Each line below must be set down exactly; omit any image you find.

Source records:
-*-*-
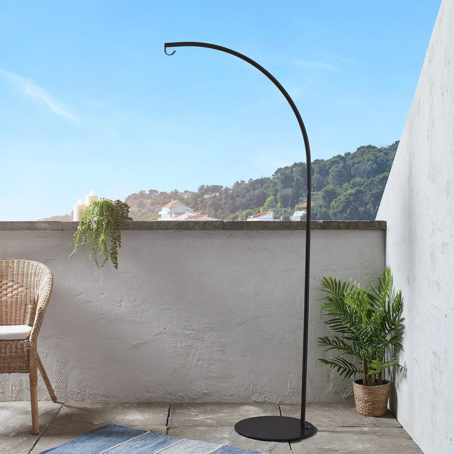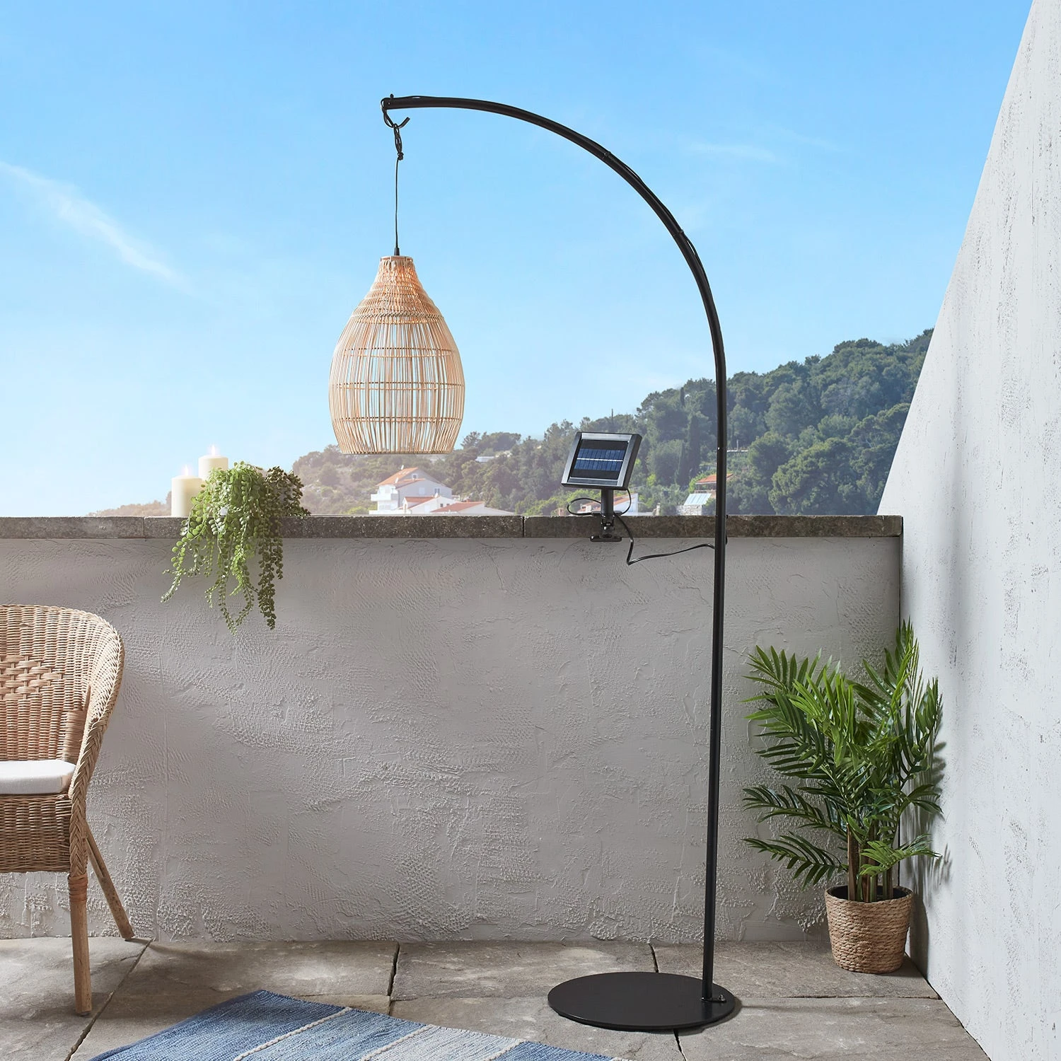 Unser eleganter Lampenfuß samt Hängelampe lässt deinen Außenbereich diesen Sommer ganz unkompliziert erstrahlen. Die Lampe besteht aus robustem Kunststoff in Rattanoptik und eignet sich perfekt für den dauerhaften Einsatz im Freien. Der Eisenständer hat eine Höhe von 192cm und kann im Garten oder auf dem Balkon platziert werden, um eine helle und gemütliche Atmosphäre zu schaffen. Seine schlichte schwarze Farbe wirkt modern und sorgt dafür, dass die Hängelampe jederzeit im Mittelpunkt steht. Stelle ihn einfach an einen sonnigen Platz im Freien und befestige die Hängeleuchte am oberen Ende, um den ganzen Sommer eine unkomplizierte Beleuchtung zu genießen.
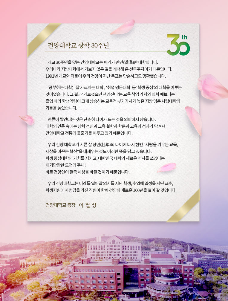 개교 30주년을 맞는 건양대학교는 패기가 만만(滿滿)한 대학입니다. 우리나라 지방대학에서 가보지 않은 길을 개척해 온 선두주자이기 때문입니다. 1991년 개교와 더불어 우리 건양이 지난 목표는 단순하고도 명확했습니다.
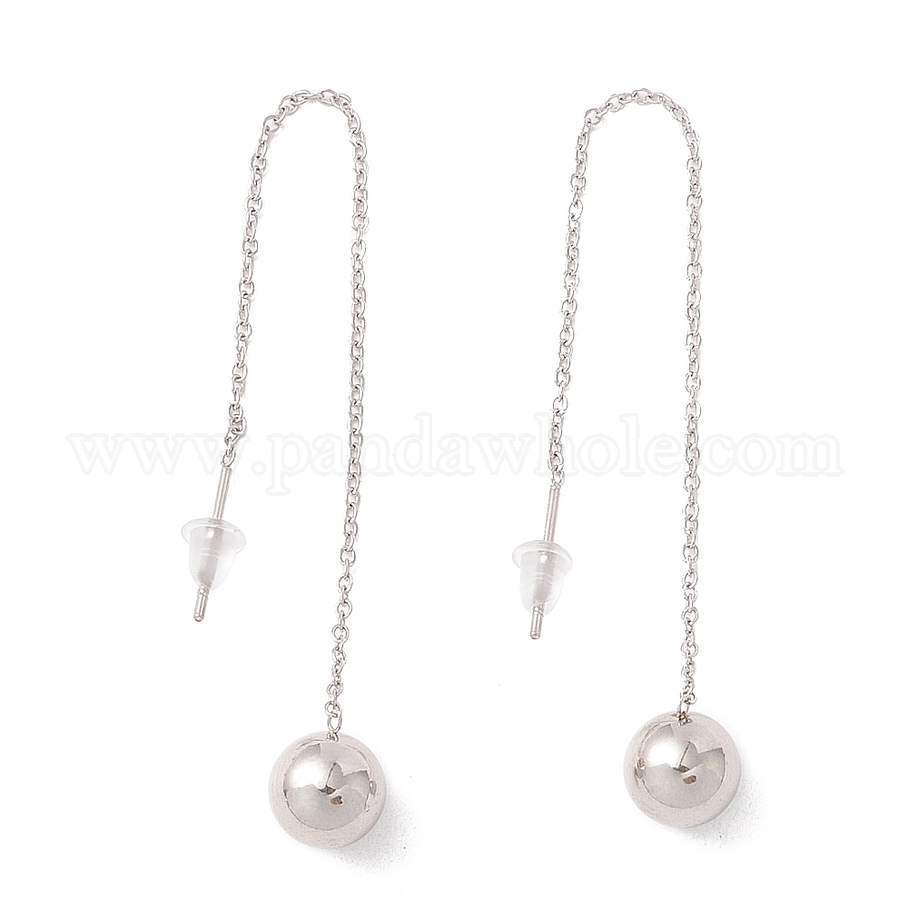 Длинная цепочка с серьгами-гвоздиками с круглыми шариками, PVD-покрытие, вакуумное напыление 304 Серьги-гвоздики из нержавеющей стали для женщин
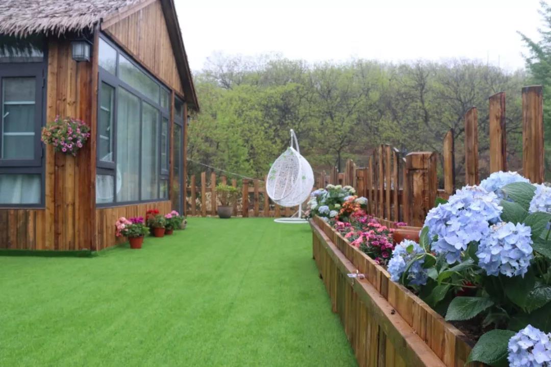 屋内中央空调、地暖等现代化设施一应俱全,院内青石、草地、百合花构成的私家花园以及防腐木铺设的观景露台,让人仿佛穿越到了世外桃源。
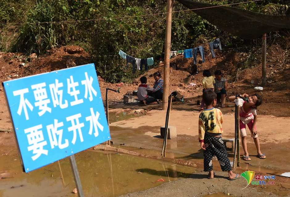 图为一些小难民在中缅边境的云南临沧南伞镇的集中安置点喝水,当地政府给他们提供住所和食物。图片来源:中国青年网
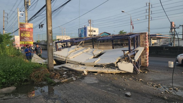 ที่เกิดเหตุอยู่ช่องการจราจรซ้ายสุด บนถนนซ่อมสร้าง ตำบลบางพูน อำเภอเมืองจังหวัดปทุมธานี พบรถบรรทุกแผ่นปูน หมายเลขทะเบียน 70- 2616 กำแพงเพชร พลิกคว่ำ ตะแคงอยู่ ใกล้เคียงกับปั๊มบางจาก ทำให้เกิดการจราจรติดขัดในช่วงเวลาเร่งด่วน เป็นอย่างมาก
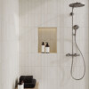 - Since variation of shades is an inherent characteristic of ceramic tile, mix tiles from several cartons as you set, for a blended effect.
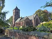 The church is built in red sandstone ashlar with a slate roof.[2] The plan of the church consists of a baptistry at the west end, a nave and chancel, north and south aisles with a chapel at the east end of each, a tower at the southwest corner and a south porch.[4] The tower has a small pyramidal spire. The chapels are Perpendicular in style while the rest of the church is Decorated.[2]
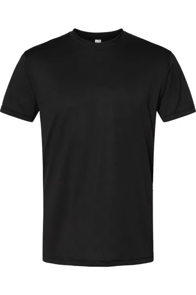4.5 oz./yd2, 100% polyester. Shoulder-to-shoulder taping. Two needle sleeve and bottom hem. Tear away label.
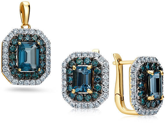 A londoni kék Sandra topázzal díszített arany egy lenyűgöző ékszer, amely egy csipetnyi luxust és eleganciát kölcsönöz. Ez a szett 14 karátos sárga aranyból készült. Az ékszert 124 tiszta és kék gyémánt díszíti, amelyek összsúlya 2,180 ct. A szett központi darabja egy csodálatos, 4,410 ct súlyú londoni kék topáz, amely mélykék színével és elegánsan csillogó
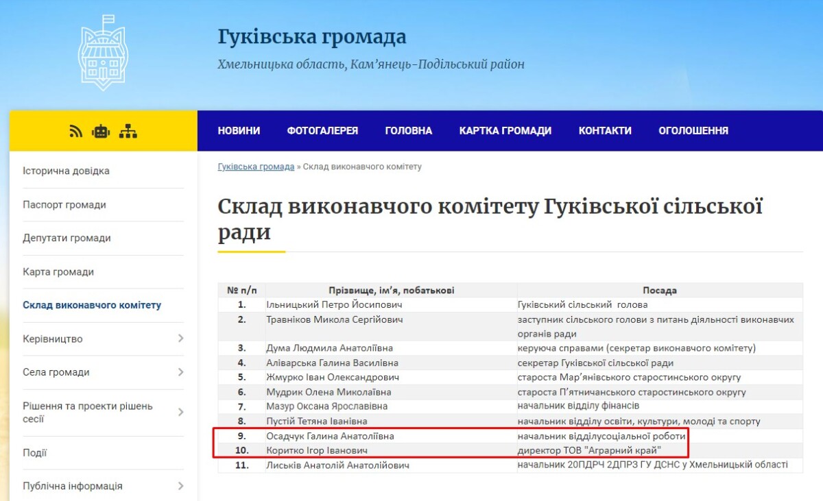 По странному совпадению, у члена исполнительного комитета Гуковской общины тоже есть фамилия Осадчук. Впрочем, женщина, председатель сельского совета села Жабинцы, отрицает родственные связи как с пани Романой, так и с ее братом Андреем Осадчуком.
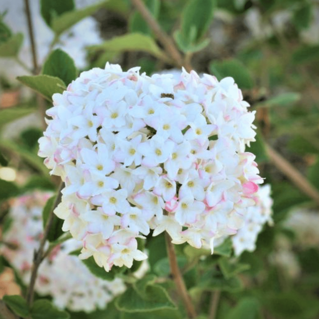 Spice Baby Viburnum or Viburnum carlesii is a showy dwarf flowering shrub known for its white snowball-shaped blooms and dark green foliage. In the spring, red buds emerge and transition to a soft shade of pink, and graduate to a white showy spectacle. Spice Baby Viburnum has year-round interest for its dark green foliage that changes to a crimson red hue in the fall and winter months.
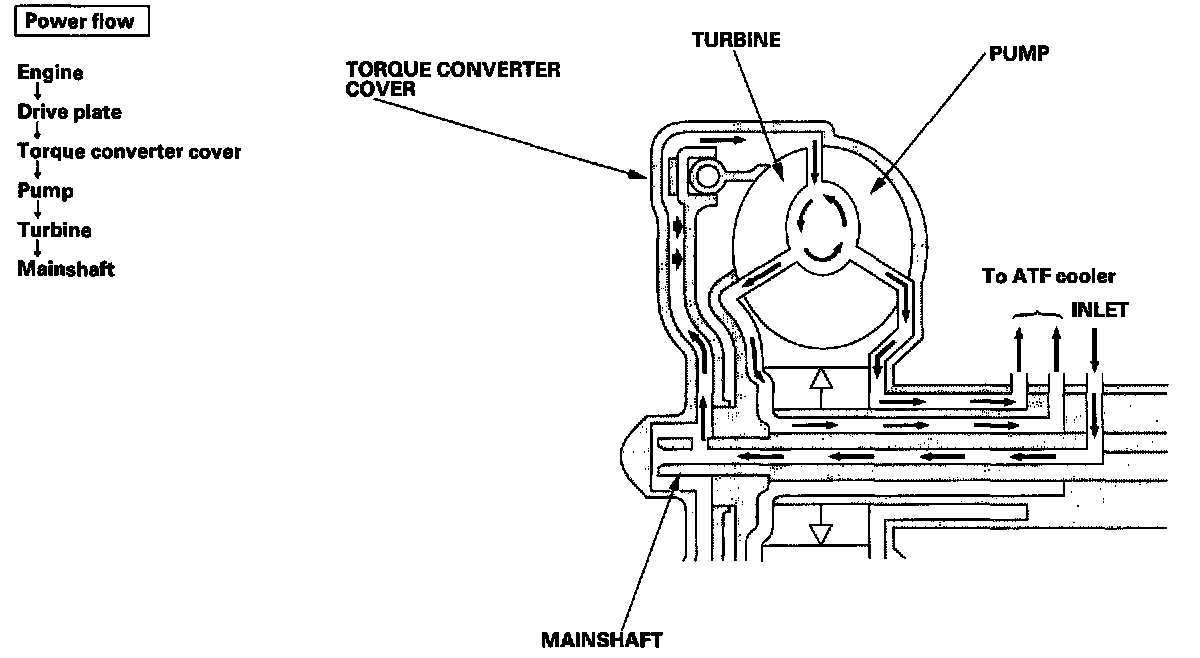 With the lock-up clutch on, fluid in the chamber between the torque converter cover and the lock-up piston is drained off, and the converter fluid exerts pressure through the piston against the torque converter cover. As a result, the converter turbine is locked to the converter cover. The effect is to bypass the converter, placing the vehicle in direct drive.
-*-*-
**Answer to the problem**
 Unser eleganter Lampenfuß samt Hängelampe lässt deinen Außenbereich diesen Sommer ganz unkompliziert erstrahlen. Die Lampe besteht aus robustem Kunststoff in Rattanoptik und eignet sich perfekt für den dauerhaften Einsatz im Freien. Der Eisenständer hat eine Höhe von 192cm und kann im Garten oder auf dem Balkon platziert werden, um eine helle und gemütliche Atmosphäre zu schaffen. Seine schlichte schwarze Farbe wirkt modern und sorgt dafür, dass die Hängelampe jederzeit im Mittelpunkt steht. Stelle ihn einfach an einen sonnigen Platz im Freien und befestige die Hängeleuchte am oberen Ende, um den ganzen Sommer eine unkomplizierte Beleuchtung zu genießen.
 개교 30주년을 맞는 건양대학교는 패기가 만만(滿滿)한 대학입니다. 우리나라 지방대학에서 가보지 않은 길을 개척해 온 선두주자이기 때문입니다. 1991년 개교와 더불어 우리 건양이 지난 목표는 단순하고도 명확했습니다.
 Длинная цепочка с серьгами-гвоздиками с круглыми шариками, PVD-покрытие, вакуумное напыление 304 Серьги-гвоздики из нержавеющей стали для женщин
 屋内中央空调、地暖等现代化设施一应俱全,院内青石、草地、百合花构成的私家花园以及防腐木铺设的观景露台,让人仿佛穿越到了世外桃源。
 图为一些小难民在中缅边境的云南临沧南伞镇的集中安置点喝水,当地政府给他们提供住所和食物。图片来源:中国青年网
 ที่เกิดเหตุอยู่ช่องการจราจรซ้ายสุด บนถนนซ่อมสร้าง ตำบลบางพูน อำเภอเมืองจังหวัดปทุมธานี พบรถบรรทุกแผ่นปูน หมายเลขทะเบียน 70- 2616 กำแพงเพชร พลิกคว่ำ ตะแคงอยู่ ใกล้เคียงกับปั๊มบางจาก ทำให้เกิดการจราจรติดขัดในช่วงเวลาเร่งด่วน เป็นอย่างมาก
 - Since variation of shades is an inherent characteristic of ceramic tile, mix tiles from several cartons as you set, for a blended effect.
 The church is built in red sandstone ashlar with a slate roof.[2] The plan of the church consists of a baptistry at the west end, a nave and chancel, north and south aisles with a chapel at the east end of each, a tower at the southwest corner and a south porch.[4] The tower has a small pyramidal spire. The chapels are Perpendicular in style while the rest of the church is Decorated.[2]
4.5 oz./yd2, 100% polyester. Shoulder-to-shoulder taping. Two needle sleeve and bottom hem. Tear away label.
 A londoni kék Sandra topázzal díszített arany egy lenyűgöző ékszer, amely egy csipetnyi luxust és eleganciát kölcsönöz. Ez a szett 14 karátos sárga aranyból készült. Az ékszert 124 tiszta és kék gyémánt díszíti, amelyek összsúlya 2,180 ct. A szett központi darabja egy csodálatos, 4,410 ct súlyú londoni kék topáz, amely mélykék színével és elegánsan csillogó
 По странному совпадению, у члена исполнительного комитета Гуковской общины тоже есть фамилия Осадчук. Впрочем, женщина, председатель сельского совета села Жабинцы, отрицает родственные связи как с пани Романой, так и с ее братом Андреем Осадчуком.
 Spice Baby Viburnum or Viburnum carlesii is a showy dwarf flowering shrub known for its white snowball-shaped blooms and dark green foliage. In the spring, red buds emerge and transition to a soft shade of pink, and graduate to a white showy spectacle. Spice Baby Viburnum has year-round interest for its dark green foliage that changes to a crimson red hue in the fall and winter months.
 With the lock-up clutch on, fluid in the chamber between the torque converter cover and the lock-up piston is drained off, and the converter fluid exerts pressure through the piston against the torque converter cover. As a result, the converter turbine is locked to the converter cover. The effect is to bypass the converter, placing the vehicle in direct drive.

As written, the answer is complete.